Poetry Notebooks in Kindergarten? Yes!

The Question:
I have a question about Poetry Notebooks. I love to do poetry notebooks, but they are usually more work for me. I want to make it easier for the kindergarteners to add their own poems into the notebooks. How have others created notebooks that are easy to add new poems to?
The Answers:
I use 3 ring binders and sheet protectors. The students illustrated a printed copy of each poem, each week and slipped it into the sheet protector–2 poems in each sheet protector. That system worked very well for my Kinder students.
Stacey Ann
It takes a lot of pre planning but I make mine ahead with all of the poems in a 3-prong folder. They have all of them for the year and can find them pretty successfully since they have illustrations etc.
My kids also added a poem a week at one of their weekly independent literacy activities stations. I run the poems on colored paper and 3 hole punch. Often I have a parent volunteer that they can go to ask for help if they are having trouble with the binder. The poems are always at their reading level and I spend a lot of time during shared or guided reading time. Often they would highlight a new sight word or kind of punctuation. Illustrations are a must! Poetry Books can be chosen during silent reading time or as a filler activity for kids who finish quickly. By the end of the year it is a keepsake and something that they can read over the summer!
I did the same as Katy. At the end of the year, I bound them for the children to take home so I could keep the binders and sheet protectors. They love these poetry notebooks!
I use composition notebooks and the kids are taught to glue stick the precut poem or song onto the next page on the right side. Comp notebooks last all year!
I use a spiral notebook and have students glue in the pre-typed words, then they illustrate to match the poem. At the beginning of the year, I use a lot of nursery rhymes, then I use poems from whatever reading program we are using. At times, I add special jobs such as finding a certain sight word or counting the letter of the day. I have never had students add their own poems but I like the idea!

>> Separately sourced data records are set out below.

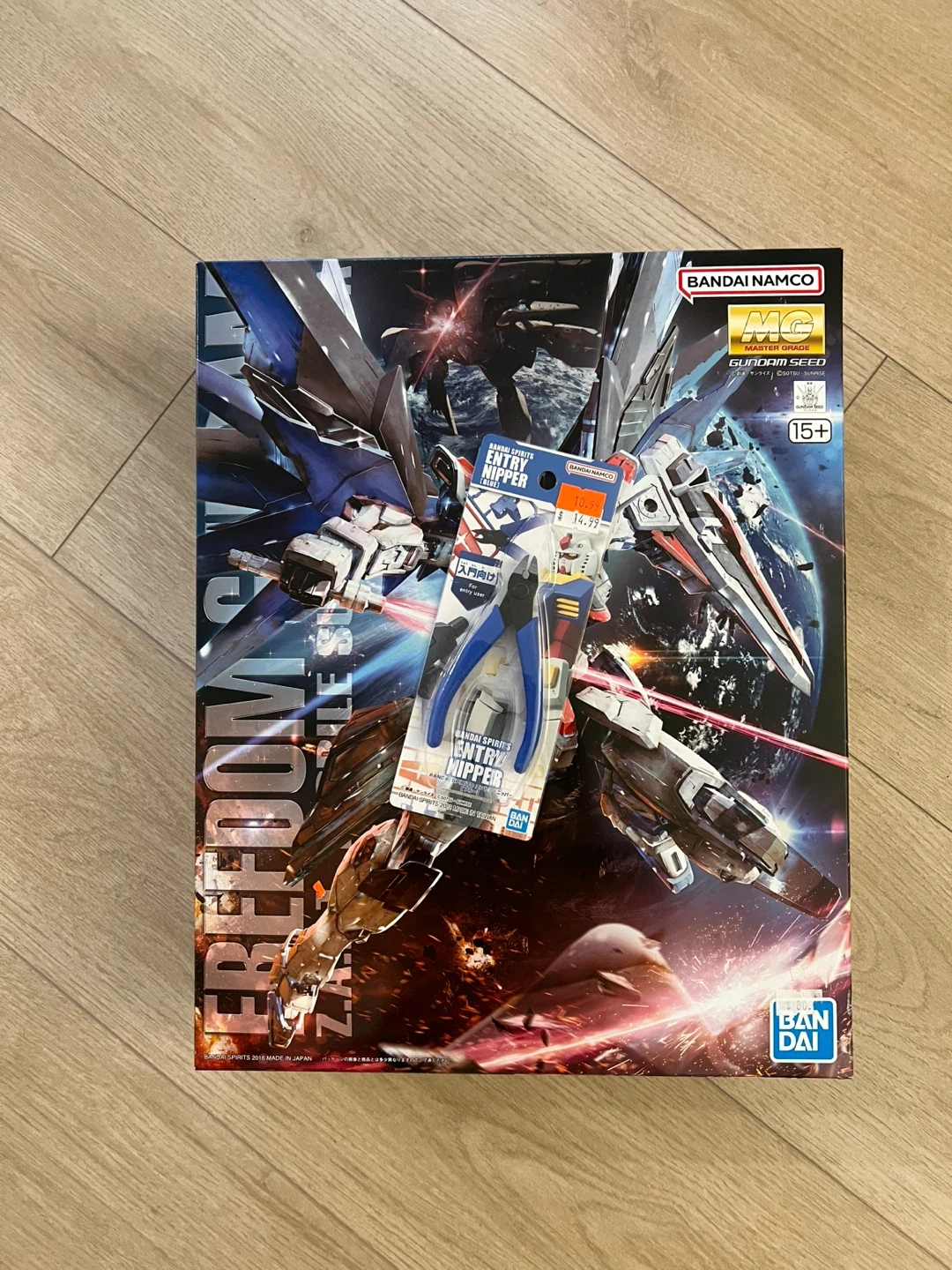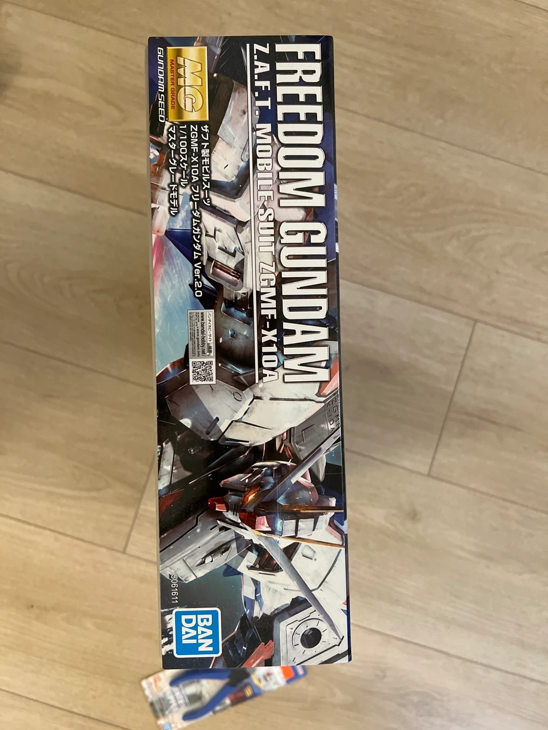 Selling a Bandai Freedom Gundam ZGMF-X10A Ver.2.0 model kit. It's a Master Grade (MG) 1/100 scale model from the Gundam Seed series. Includes an entry nipper for assembly!
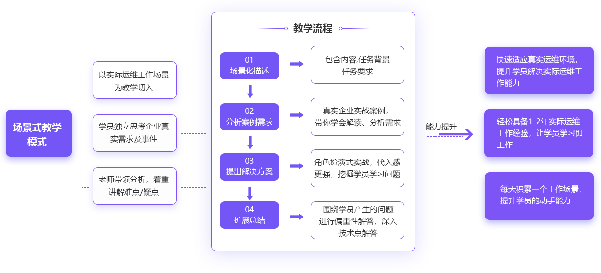 场景式教学模式,以解决企业中实际问题的场景为中心,通过引导学生分析需求,
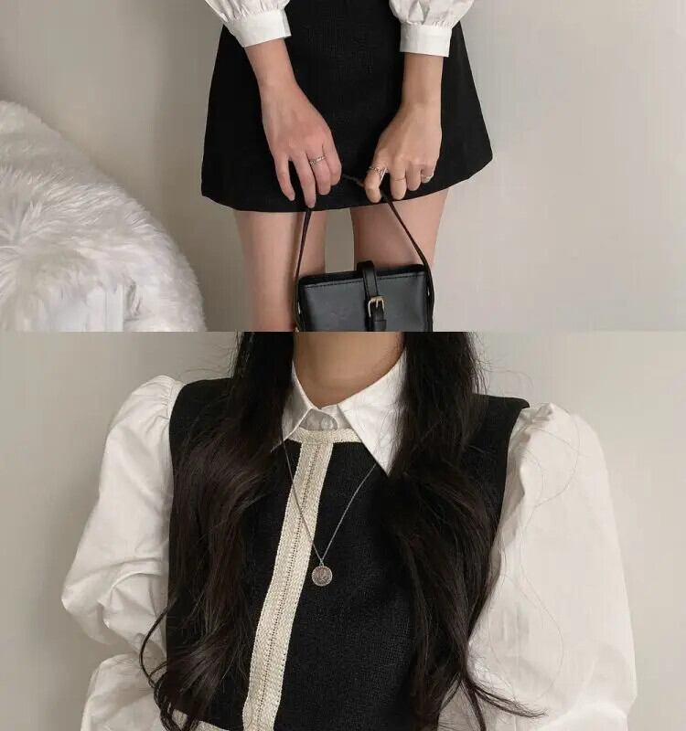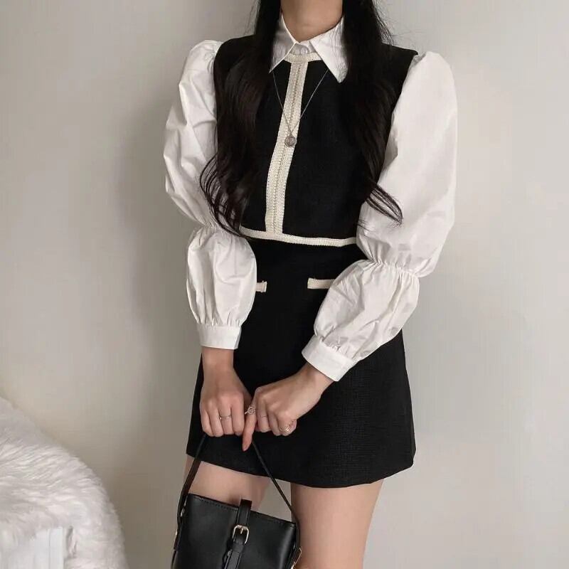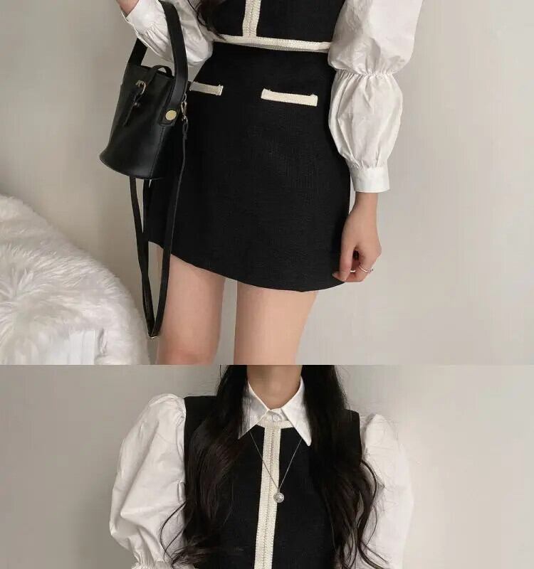 気質ラペルシャツ対照的黒ベストウエストスカートレディース 3 ピースセット Y2k ブラウスクロップドトップスクラブ ブラック

Where do you guys get your poems that are easy enough for little ones?
Mrs. Miner’s Kindergarten Monkey Business 
I’ve done it with the cutting and gluing before, but, since those can be arduous tasks for little ones in the beginning, I changed it up a bit. This year, I had the poems all typed out and 3 hole punched for them to put in the fluency section of their 3 ringed binder. It worked GREAT. At the end of the year, we took them all out and stapled them into a poetry book for the summer!
Great ideas, I’m adding a poetry binder next year!!
Where do you find your selection of poems?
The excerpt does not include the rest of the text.